Once the pictures are removed, restate the listing word for word.

Given data:
-------

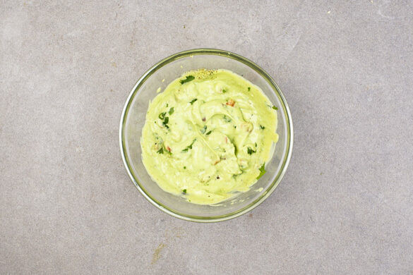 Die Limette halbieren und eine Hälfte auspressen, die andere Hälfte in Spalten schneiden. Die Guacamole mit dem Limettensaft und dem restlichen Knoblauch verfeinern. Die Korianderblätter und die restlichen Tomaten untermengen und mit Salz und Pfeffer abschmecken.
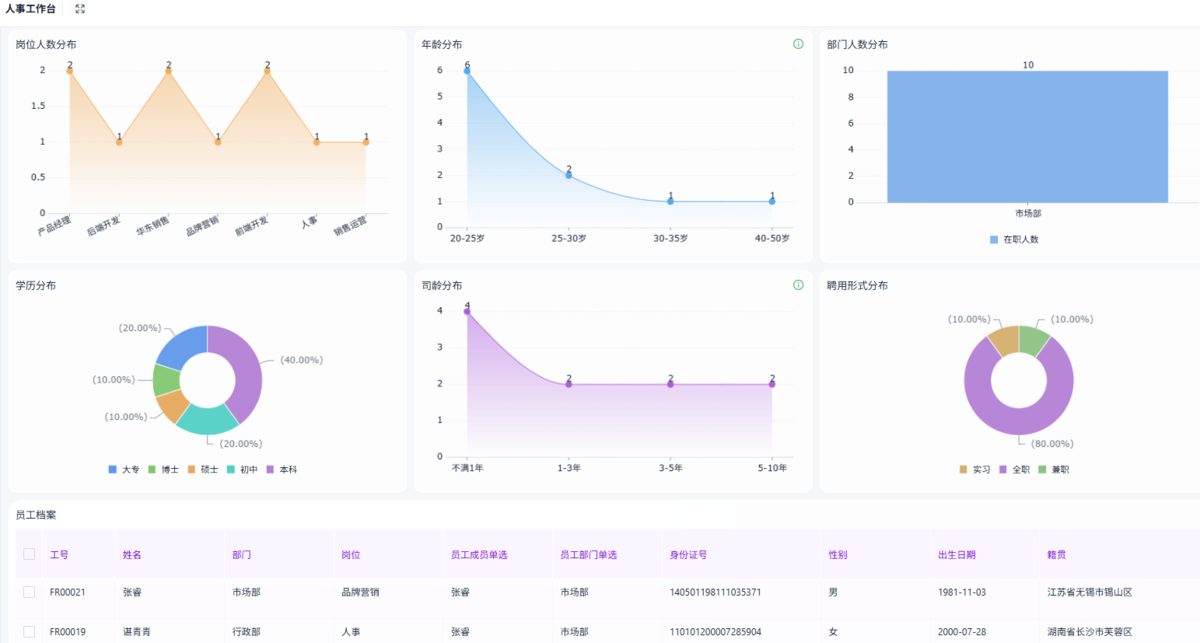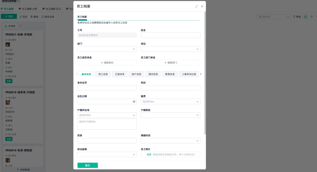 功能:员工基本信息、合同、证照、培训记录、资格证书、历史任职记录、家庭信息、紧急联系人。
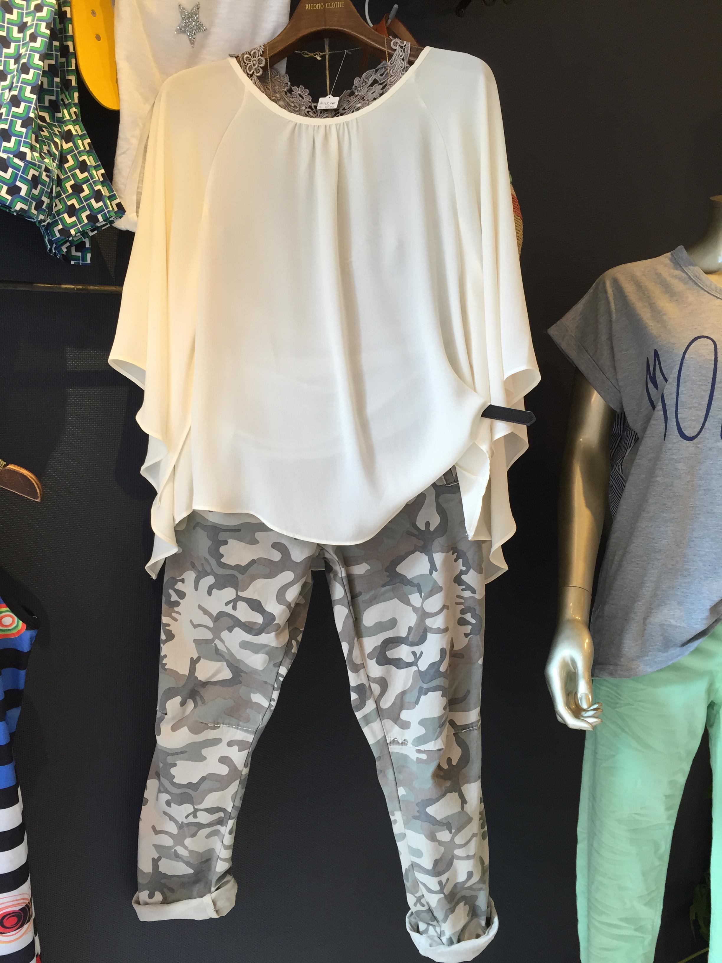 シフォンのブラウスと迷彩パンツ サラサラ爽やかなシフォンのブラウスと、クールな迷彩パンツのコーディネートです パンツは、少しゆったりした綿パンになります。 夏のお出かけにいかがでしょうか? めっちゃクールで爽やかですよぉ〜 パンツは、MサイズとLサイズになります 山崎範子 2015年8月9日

-------

Finished exercise:
 Die Limette halbieren und eine Hälfte auspressen, die andere Hälfte in Spalten schneiden. Die Guacamole mit dem Limettensaft und dem restlichen Knoblauch verfeinern. Die Korianderblätter und die restlichen Tomaten untermengen und mit Salz und Pfeffer abschmecken.
 功能:员工基本信息、合同、证照、培训记录、资格证书、历史任职记录、家庭信息、紧急联系人。
 シフォンのブラウスと迷彩パンツ サラサラ爽やかなシフォンのブラウスと、クールな迷彩パンツのコーディネートです パンツは、少しゆったりした綿パンになります。 夏のお出かけにいかがでしょうか? めっちゃクールで爽やかですよぉ〜 パンツは、MサイズとLサイズになります 山崎範子 2015年8月9日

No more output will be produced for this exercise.